Possible settings for quarantine include hotels, dormitories, other facilities catering to groups, or the contact's home. Regardless of the setting, an assessment must ensure that the appropriate conditions for safe and effective quarantine are being met.
When home quarantine is chosen, the person should occupy a well-ventilated single room, or if a single room is not available, maintain a distance of at least 1 metre from other household members, minimize the use of shared spaces and cutlery, and ensure that shared spaces (such as the kitchen and bathroom) are well ventilated.
Minimum infection prevention and control measures.
The following IPC measures should be used to ensure a safe environment for quarantined persons.
1. Early recognition and control
• Any person in quarantine who develops febrile illness or respiratory symptoms at any point during the quarantine period should be treated and managed as a suspected case of COVID-19.
• Standard precautions apply to all persons who are quarantined and to quarantine personnel:
- Perform hand hygiene frequently, particularly after contact with respiratory secretions, before eating, and after using the toilet. Hand hygiene includes either cleaning hands with soap and water or with an alcohol-based hand rub. Alcohol-based hand rubs are preferred if hands are not visibly dirty; hands should be washed with soap and water when they are visibly dirty.
- Ensure that all persons in quarantine are practicing respiratory hygiene and are aware of the importance of covering their nose and mouth with a bent elbow or paper tissue when coughing or sneezing and then immediately disposing of the tissue in a wastebasket with a lid and then performing hand hygiene.
- Refrain from touching the eyes, nose and mouth.
• A medical mask is not required for persons with no symptoms. There is no evidence that wearing a mask of any type protects people who are not sick.
2. Administrative controls
Administrative controls and policies for IPC within quarantine facilities include but may not be limited to:
• establishing sustainable IPC infrastructure (for example, by designing appropriate facilities) and activities;
• educating persons who are quarantined and quarantine personnel about IPC measures. All personnel working in the quarantine facility need to have training on standard precautions before the quarantine measures are implemented. The same advice on standard precautions should be given to all quarantined persons on arrival. Both personnel and quarantined persons should understand the importance of promptly seeking medical care if they develop symptoms;
• developing policies to ensure the early recognition and referral of a suspected COVID-19 case.
3. Environmental controls
Environmental cleaning and disinfection procedures must be followed consistently and correctly. Cleaning personnel need to be educated about and protected from COVID-19 and ensure that environmental surfaces are regularly and thoroughly cleaned throughout the quarantine period.
• Clean and disinfect frequently touched surfaces — such as bedside tables, bed frames and other bedroom furniture — daily with regular household disinfectant containing a diluted bleach solution (that is, 1-part bleach to 99 parts water).For surfaces that cannot be cleaned with bleach, 70% ethanol can be used.

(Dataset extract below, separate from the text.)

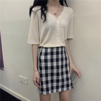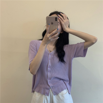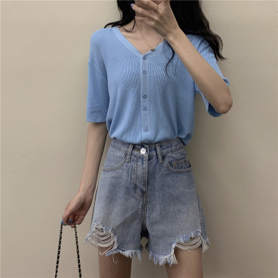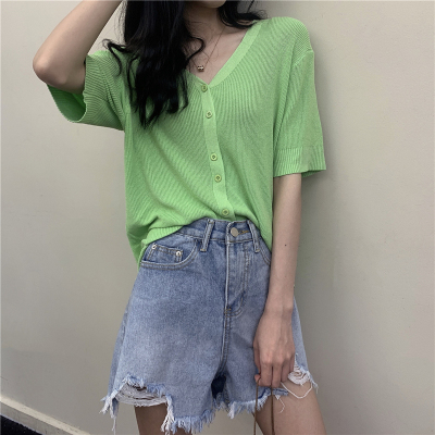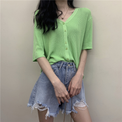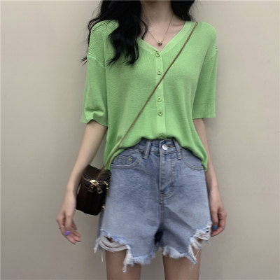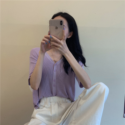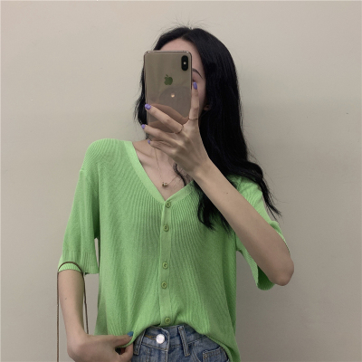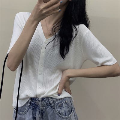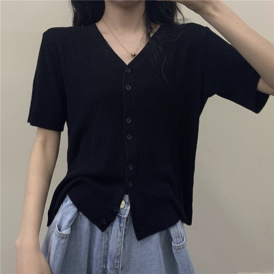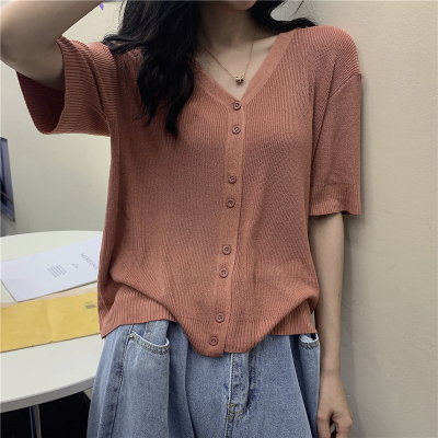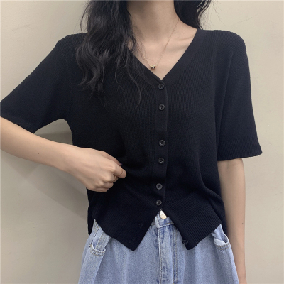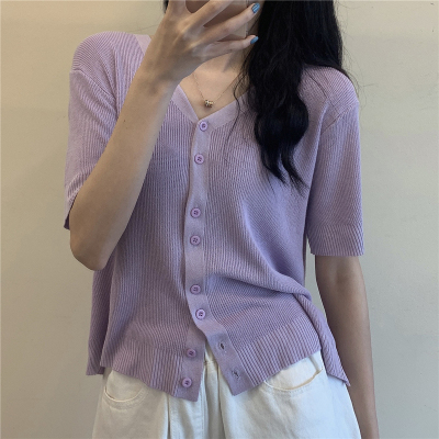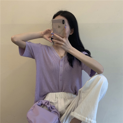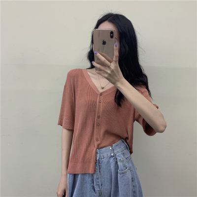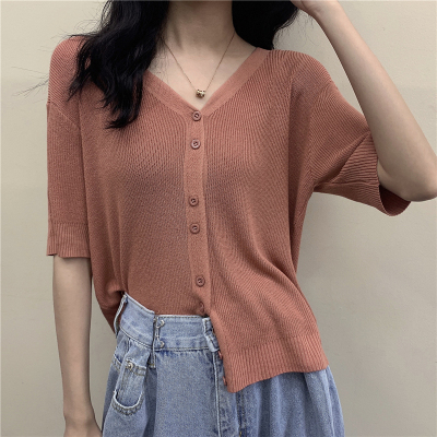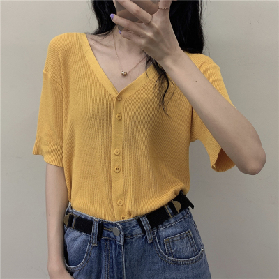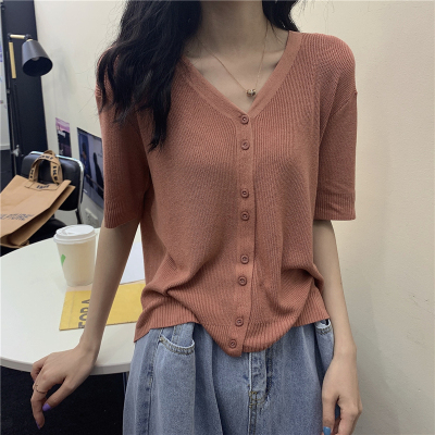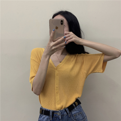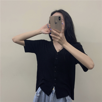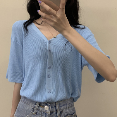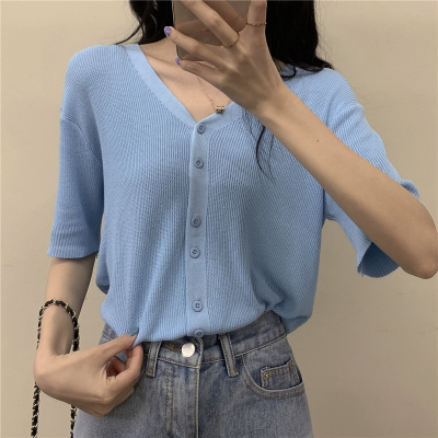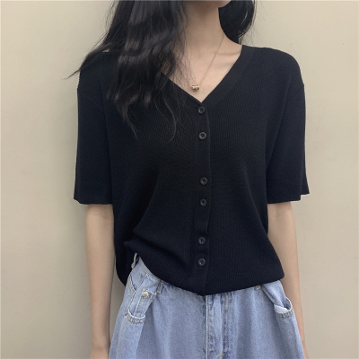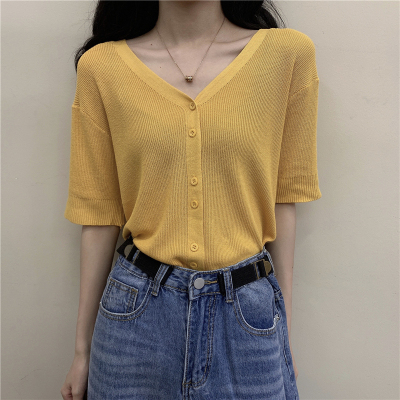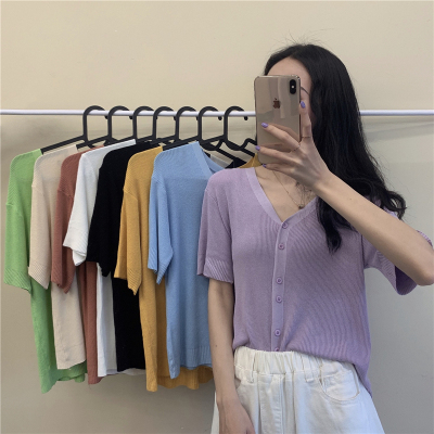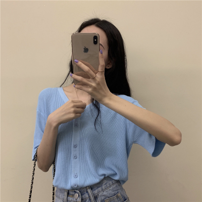 Real photo real price simple sweet V single breasted knitted short sleeve blouse

• Clean and disinfect bathroom and toilet surfaces at least once daily with regular household disinfectant containing a diluted bleach solution (that is, 1-part bleach to 99 parts water).
• Clean clothes, bed linens, and bath and hand towels using regular laundry soap and water or machine wash at 60-90°C (140-194°F) with common laundry detergent, and dry thoroughly.
• Countries should consider implementing measures to ensure that waste is disposed of in a sanitary landfill and not in an unmonitored open area.
• Cleaning personnel should wear disposable gloves when cleaning surfaces or handling clothing or linen soiled with body fluids, and they should perform hand hygiene before putting on and after removing their gloves.
Minimum requirements for monitoring the health of quarantined persons.
Daily follow up of persons who are quarantined should be conducted within the facility for the duration of the quarantine period and should include screening for body temperature and symptoms. Groups of persons at higher risk of infection and severe disease may require additional surveillance owing to chronic conditions or they may require specific medical treatments.
Consideration should be given to the resources and personnel needed and rest periods for staff at quarantine facilities. This is particularly important in the context of an ongoing outbreak, during which limited public health resources may be better prioritized for health care facilities and case-detection activities.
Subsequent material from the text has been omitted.